Segment Start: Information supplied

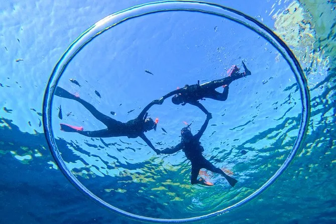 Na água, ele ficou sempre por perto com uma boia laranja gigante, então mesmo quando minha máscara embaçou (deveria ter escutado quando falou para não respirar pelo nariz), não fiquei nervoso. Peixes apareceram em volta quando ele abriu um saquinho de comida — juro que um até mordeu meu dedo. Ele tirou várias fotos enquanto flutuávamos; depois, mandou tudo direto pro meu celular ainda na loja, enquanto a gente se secava. O banho quente depois do wetsuit foi um alívio — meu cabelo até ficou com o cheirinho do shampoo deles.
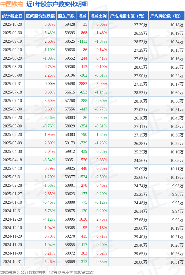 从股价来看,2025年9月30日至2025年10月20日,中国铁物区间涨幅为3.07%,在此期间股东户数增加35.0户,增幅为0.06%。
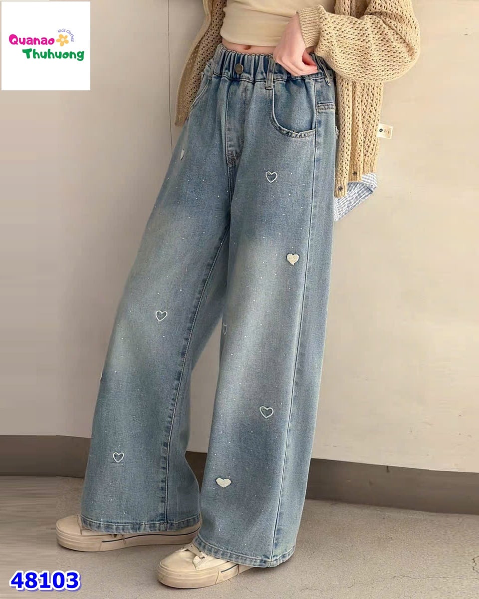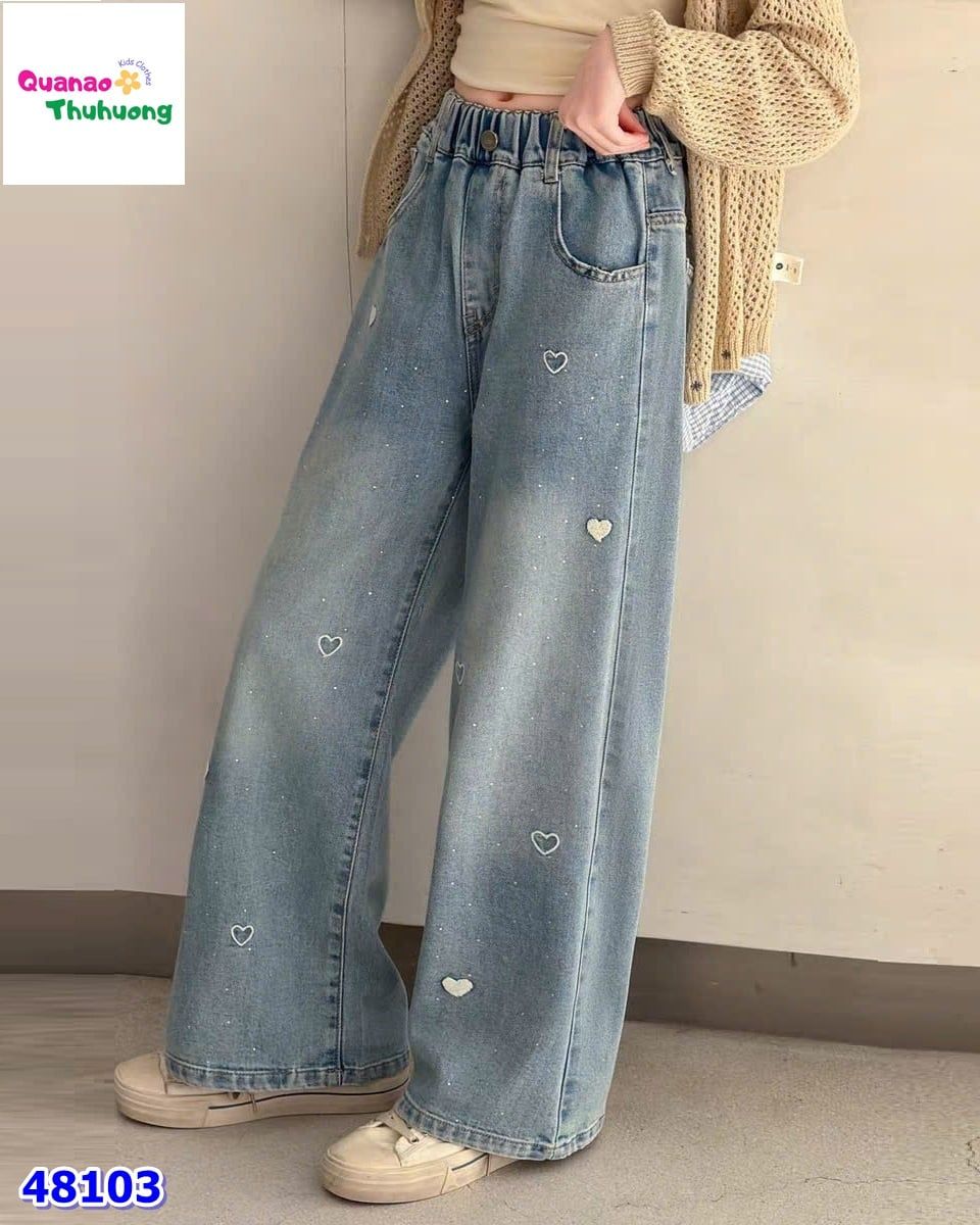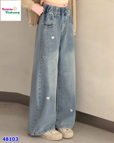 Quần jean dài xanh điểm họa tiết trái tim xinh xắn, form gọn gàng dễ mặc.
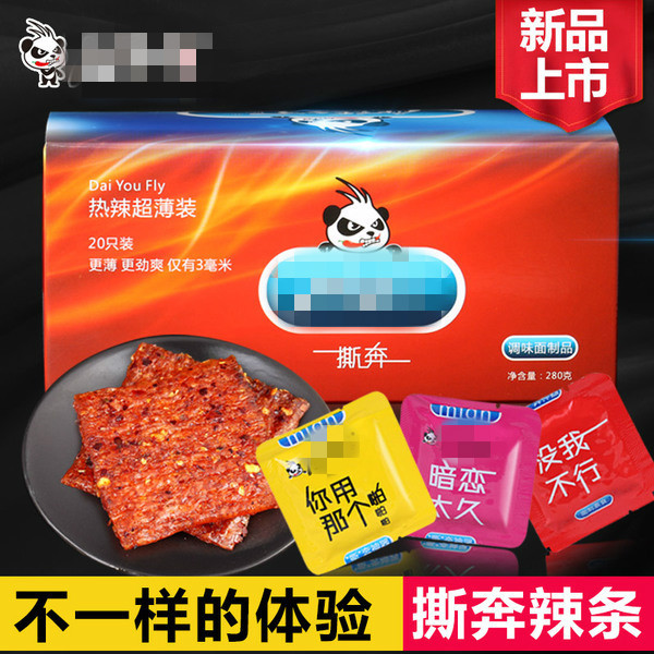 ▲零食「辣條」包裝和知名保險套過於相像,害重慶劉女與老公離婚。(圖/翻攝自淘寶網)
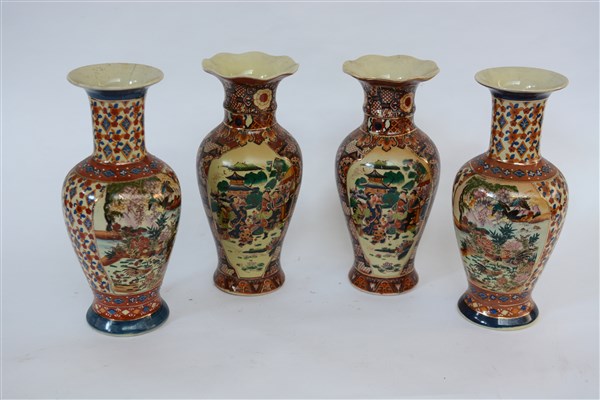 Lotto di due coppie di vasi in ceramica cinese in stile Satsuma, secolo XX (h c
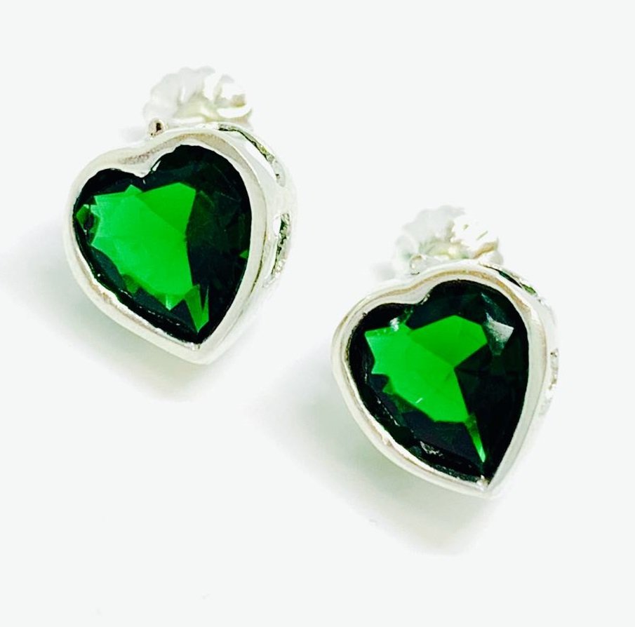 Aros Rosca con cubic de corazon 9mm Esmeralda Plata 925
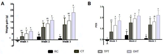 The weekly growth performance of each experimental group is depicted in Figure 3A. Rats fed with OHTs and TPTs had the greatest weight gain, followed by CTs. After three weeks, the OHT group gained 22.82 ± 5.37 g in total. This value was not statistically different from the 15.94 ± 4.54 g gained by the TPT group but was higher than the 12.72 ± 5.63 g increase in the CT group. During the experiment, rats from the casein group had normal growth with an average weight gain of 101.3 g/week.
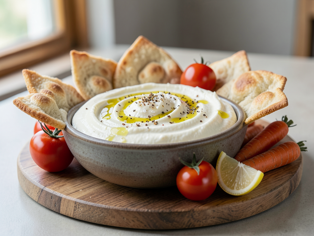 - Serve the warm pita wedges alongside the labneh and veggie sticks for dipping. Enjoy!
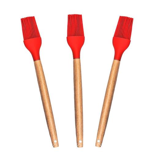 Kit 3 pincéis culinários silicone cabo madeira 32cm vermelho Característica do produto - Para você dar um acabamento especial às suas maravilhosas receitas e passar gema de ovo em pães e roscas para dourar, espalhar manteiga e óleo de forma mais rápida, uniforme e econômica, você vai precisar de um pincel em silicone para facilitar sua vida. Este pincel culinário além de prático e resistente, é fácil de lavar. Produzido em silicone de alta qualidade ele não solta o fio e reduz a gordura a ser utilizada pela metade. faça sua coleção agora mesmo pincel de cozinha silicone com cabo de madeira antiaderente cozinha churrasco resistente a 240c - 32cm - vermelho - informações adicionais - Dimensões aproximadas do produto: 32cm Quantidade: 3 Composição: silicone e madeira

Segment End: Information supplied

> [Directions for this task]:
Above, find the line with "Quần jean dài"; copy it and every line down to the line with "Aros Rosca con", exactly and both included, but no pictures.

> [Exercise response]:
 Quần jean dài xanh điểm họa tiết trái tim xinh xắn, form gọn gàng dễ mặc.
 ▲零食「辣條」包裝和知名保險套過於相像,害重慶劉女與老公離婚。(圖/翻攝自淘寶網)
 Lotto di due coppie di vasi in ceramica cinese in stile Satsuma, secolo XX (h c
 Aros Rosca con cubic de corazon 9mm Esmeralda Plata 925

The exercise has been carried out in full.